Seven Defendants Arrested for Narcotics Trafficking in Brooklyn’s Bushwick Houses
Three indictments were unsealed today in Brooklyn federal court charging seven defendants from the Bushwick section of Brooklyn, New York, with narcotics trafficking.1 Two of the indictments charge groups of defendants with trafficking cocaine base, and the third indictment charges a group with heroin trafficking. The defendants are scheduled to be arraigned today before United States Magistrate Judge Marilyn D. Go, at the U.S. Courthouse, 225 Cadman Plaza East, Brooklyn, New York.
The charges and arrests were announced by Loretta E. Lynch, United States Attorney for the Eastern District of New York, George Venizelos, Assistant Director-in-Charge, Federal Bureau of Investigation, New York Field Office, and Raymond W. Kelly, Commissioner, New York City Police Department.

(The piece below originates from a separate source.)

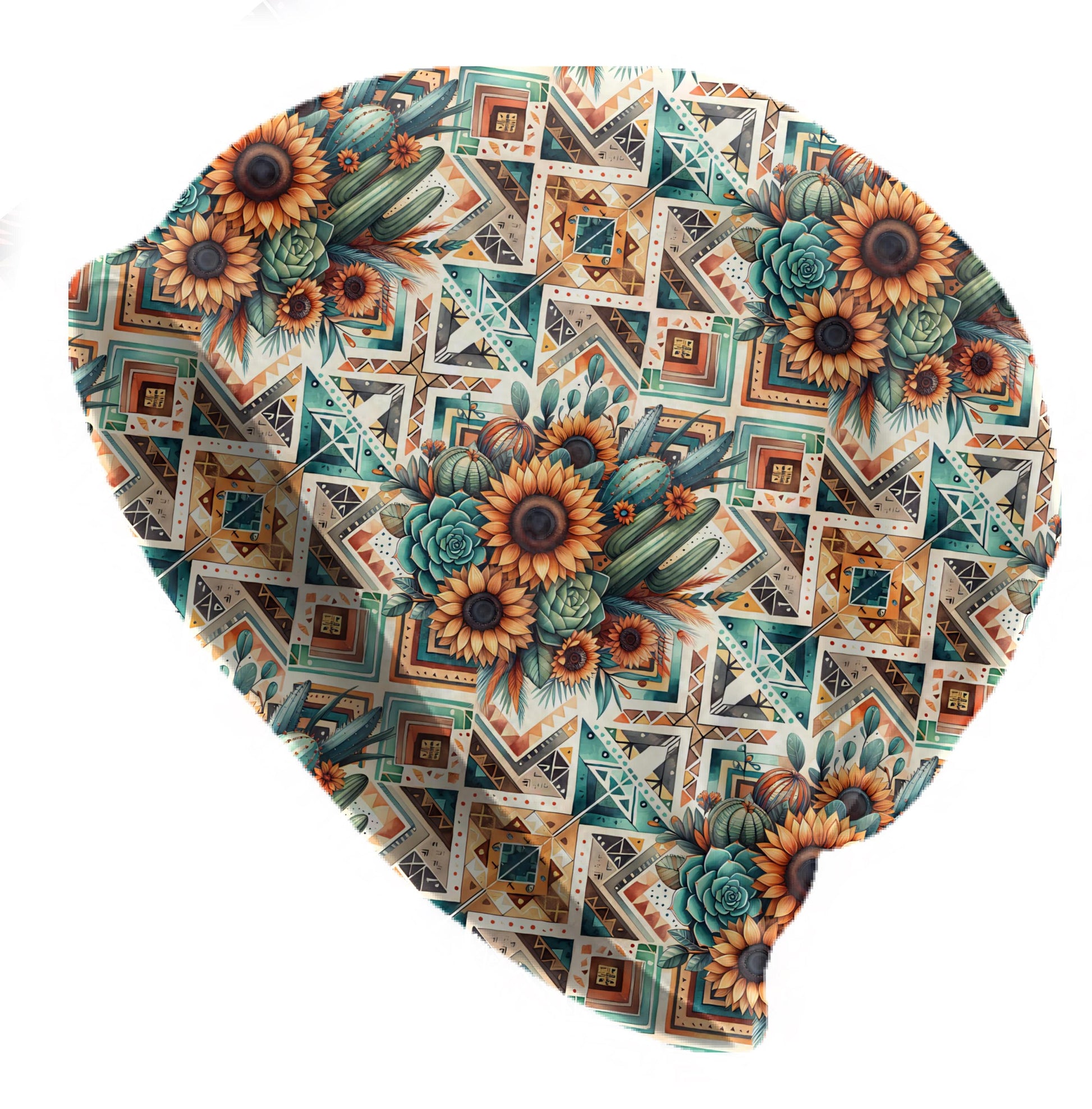 Sunflowers bloom against painted cacti and teal succulents, all framed by warm Aztec lines in terracotta, sand, and turquoise. The pattern feels like desert sunshine meeting boho folk art, bright but soft, with a hand-illustrated look that flows smoothly across the fabric.

In response to a spate of violence that included the near-fatal shooting of a police officer in January 2012, the NYPD and FBI conducted a one-year joint investigation resulting in today’s charges against members of three separate narcotics trafficking organizations in the Bushwick Houses public housing development in Brooklyn. During the investigation, the NYPD conducted dozens of audio and video recorded purchases of cocaine base, or “crack,” and heroin from the defendants using undercover police officers. The crack cocaine transactions occurred in the hallways and stairwells of buildings in the development as well as just outside the buildings, often in public view. The heroin traffickers sold distribution-level quantities of heroin, frequently pre-packaged and stamped for retail sale. Several of the defendants have serious criminal records that include felony narcotics and firearms convictions.

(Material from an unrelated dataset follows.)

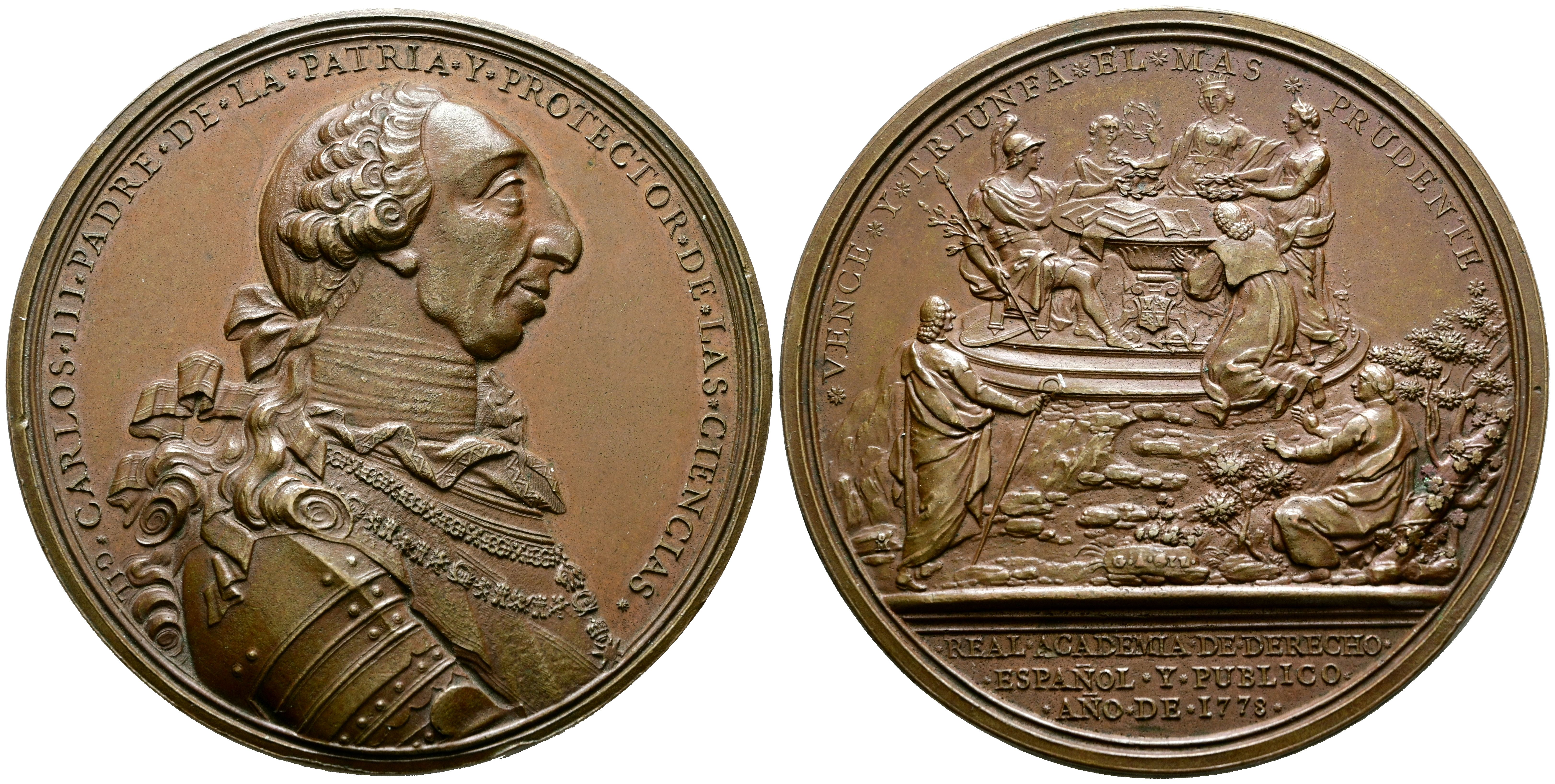 CARLOS III (1759-1788). Premio de la Real Academia de Derecho Español y Público. (Ae. 106,06g/59mm). 1778. Grabador: Gerónimo A. Gil. (VQ-14126). EBC.

“All New Yorkers deserve a safe place to live and raise their families. Instead, these defendants allegedly turned the Bushwick Houses into a drug market, rather than a place of refuge for the residents. This case again demonstrates this Office’s ongoing commitment to investigating and prosecuting organized drug trafficking activity in our community. Those who introduce drugs and other dangers into our neighborhoods will face the full force of the law,” stated United States Attorney Lynch. Ms. Lynch expressed her grateful appreciation to the FBI agents and NYPD detectives who investigated the case. She added that the government’s investigation is ongoing.

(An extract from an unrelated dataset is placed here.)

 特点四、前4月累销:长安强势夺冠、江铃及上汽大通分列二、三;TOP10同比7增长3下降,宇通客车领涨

The cases have been assigned to United States District Judges Matsumoto, Mauskopf and Weinstein. If convicted of the most serious offenses in the indictment, the defendants charged with crack offenses face a maximum sentence of 20 years’ imprisonment. The heroin defendants face a minimum sentence of five years’ imprisonment and a maximum sentence of 40 years’ imprisonment.
The government’s case is being prosecuted by Assistant United States Attorney Matthew Amatruda.